At every chapter in our history, new crises create new heroes. Right now, the two who are shining the brightest are District Attorney Fani Willis in Georgia and suspended State Attorney Monique Worrell in Florida.
These Black women prosecutors earned election to one of the toughest jobs in our justice system only to be targeted for removal by the far right, in what is turning into an all-out nationwide war on reform-minded prosecutors.
As the world now knows, Georgia’s Fani Willis had the courage to indict former President Trump and a raft of co-conspirators for their efforts to overturn the 2020 presidential election. Even before the indictment, and with it clearly in mind, GOP officials in Georgia were advancing a bill to make it easier to can district attorneys like Willis. Having succeeded in passing the measure, now they want to turn its full force against her.
Meanwhile, Florida Gov. Ron DeSantis (R) is crowing about removing prosecutors including Worrell. Worrell is a star; she won her seat with almost 66 percent of the vote and ran on an unapologetically progressive platform. She is refusing to be intimidated by DeSantis; she makes the case that her efforts to go after police corruption had a lot to do with why she was targeted. DeSantis suspended Worrell last month, accusing her of failing to prosecute defendants to the fullest extent of the law.
Willis and Worrell were chosen by voters who looked at their records and decided that these women embodied an approach to criminal justice that people wanted in their communities. The attempts to remove them don’t just undermine two individuals, they invalidate fair elections and silence the voices of Florida and Georgia voters.
That’s bad enough in principle, but the harm goes even deeper because citizens exercise an important right when they choose to give someone from their own community the authority to enforce the law. When those chosen are prevented from enforcing the law, the police and justice system risk becoming little more than an occupying army. It’s disturbing that Georgia legislators and DeSantis don’t get this.
But the worst thing about the growing attacks on prosecutors is that they trample on prosecutorial discretion, which is at the heart of our justice system.
Prosecutors are elected to make hard, critical decisions about which cases to pursue. They have to do that based on their experience of what makes communities safer. Reform-minded prosecutors have been running — and winning — on platforms that oppose racial bias in the criminal justice system, the school-to-prison pipeline and the racist, classist institution of cash bail. They are declining to prosecute low-level offenses like cannabis possession.

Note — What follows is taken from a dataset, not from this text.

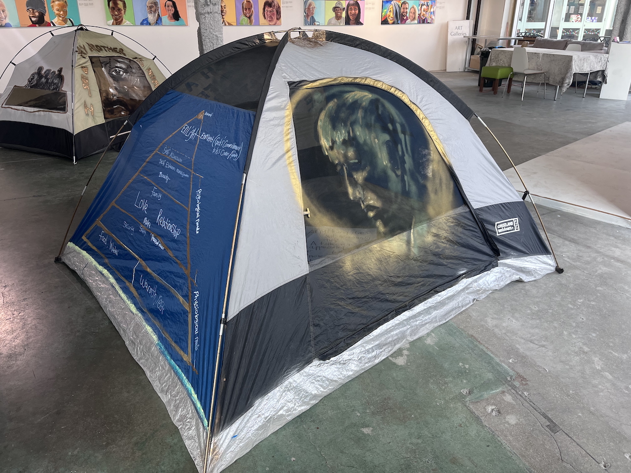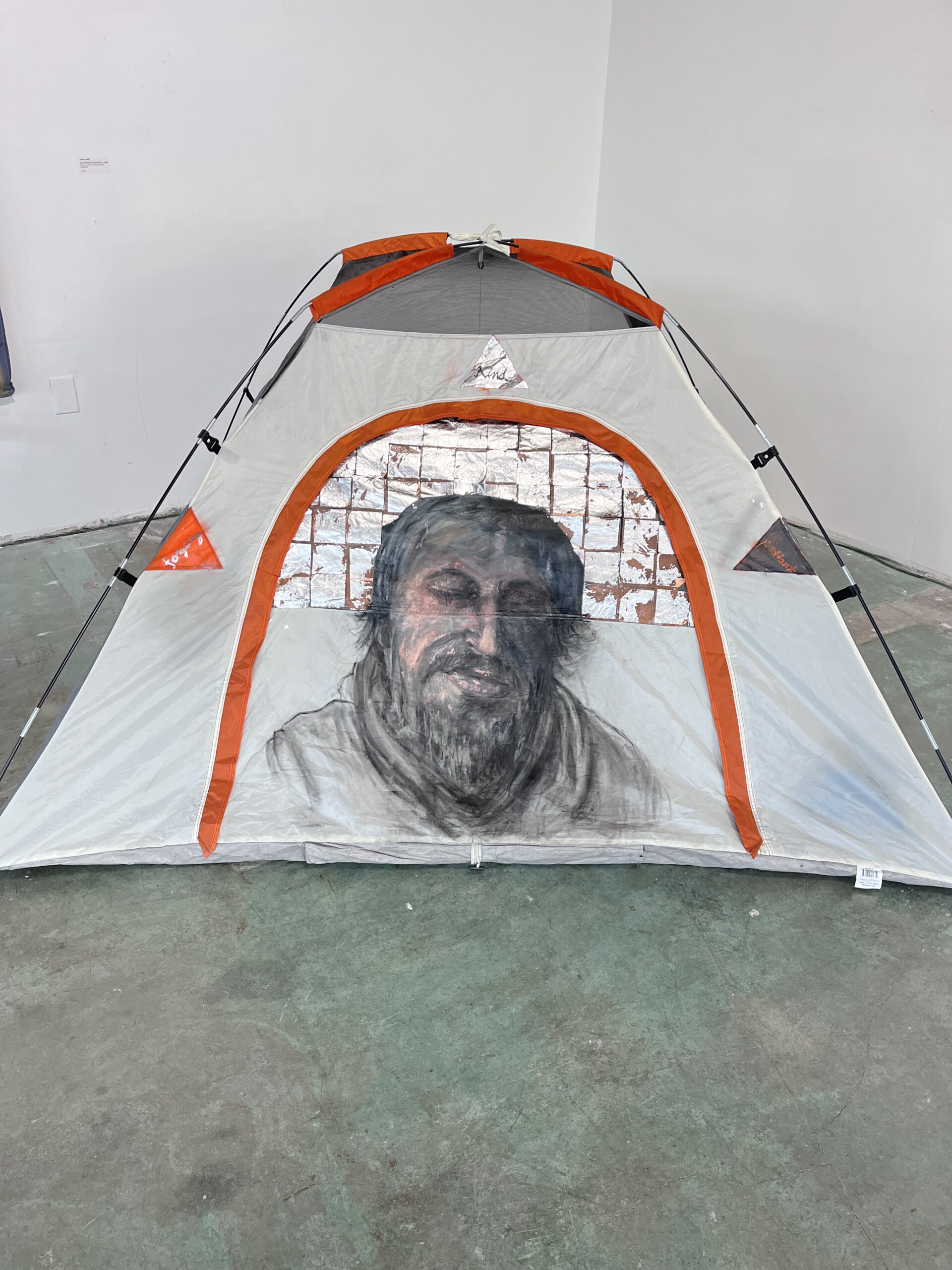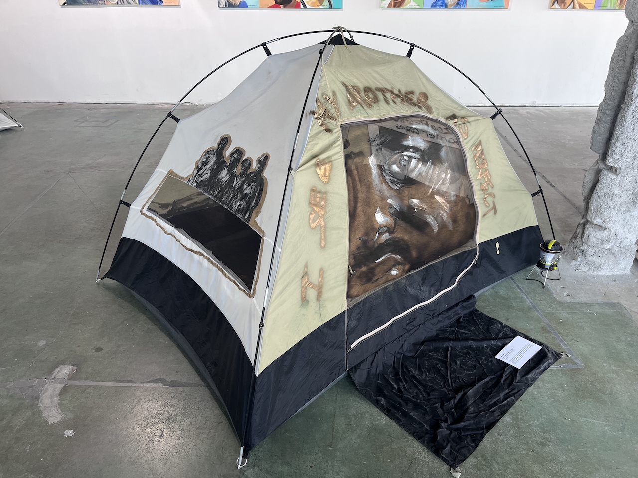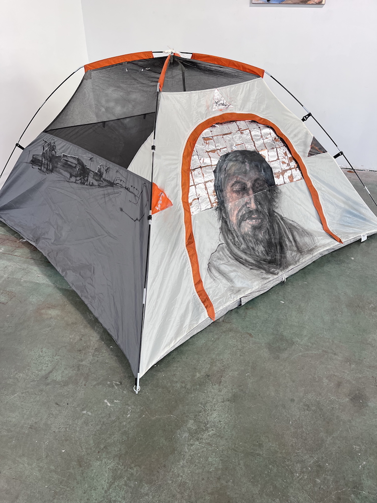 acrylic and spray paint on pitched tent

Most recently, they are also refusing to use crime-fighting resources to criminalize people seeking abortion, which was recognized as a constitutionally protected right for 50 years. Scores of prosecutors have signed a pledge saying they will not do this.
In response, the far right has ramped up its attacks. Campaigns to oust individual prosecutors have been amplified by the introduction of more than two dozen bills in 16 states aimed at limiting the power of prosecutors. In addition to the new law in Georgia, bills have been signed into law in Tennessee and Texas.
Right-wing politicians will argue that they’re doing this to force prosecutors to be “tough on crime.” However, there is plenty of evidence to show that progressive criminal justice reforms don’t increase crime in general or violent crime in particular. Meanwhile, other statistics point to an alarming red state “murder gap” — evidence that for two decades the homicide rate has been higher in “tough-on-crime” red states.
These attacks are not about fighting crime. They’re about power. They’re about protecting entrenched interests. They are definitely about intimidating or removing reform-minded prosecutors and prosecutors of color. And they’re about nullifying the will of a younger, more diverse electorate.
At its most extreme, that impulse played out in a violent attempt to overthrow our entire democracy on Jan. 6, 2021. We can’t ignore the attacks on Willis, Worrell and others; we’ve been warned.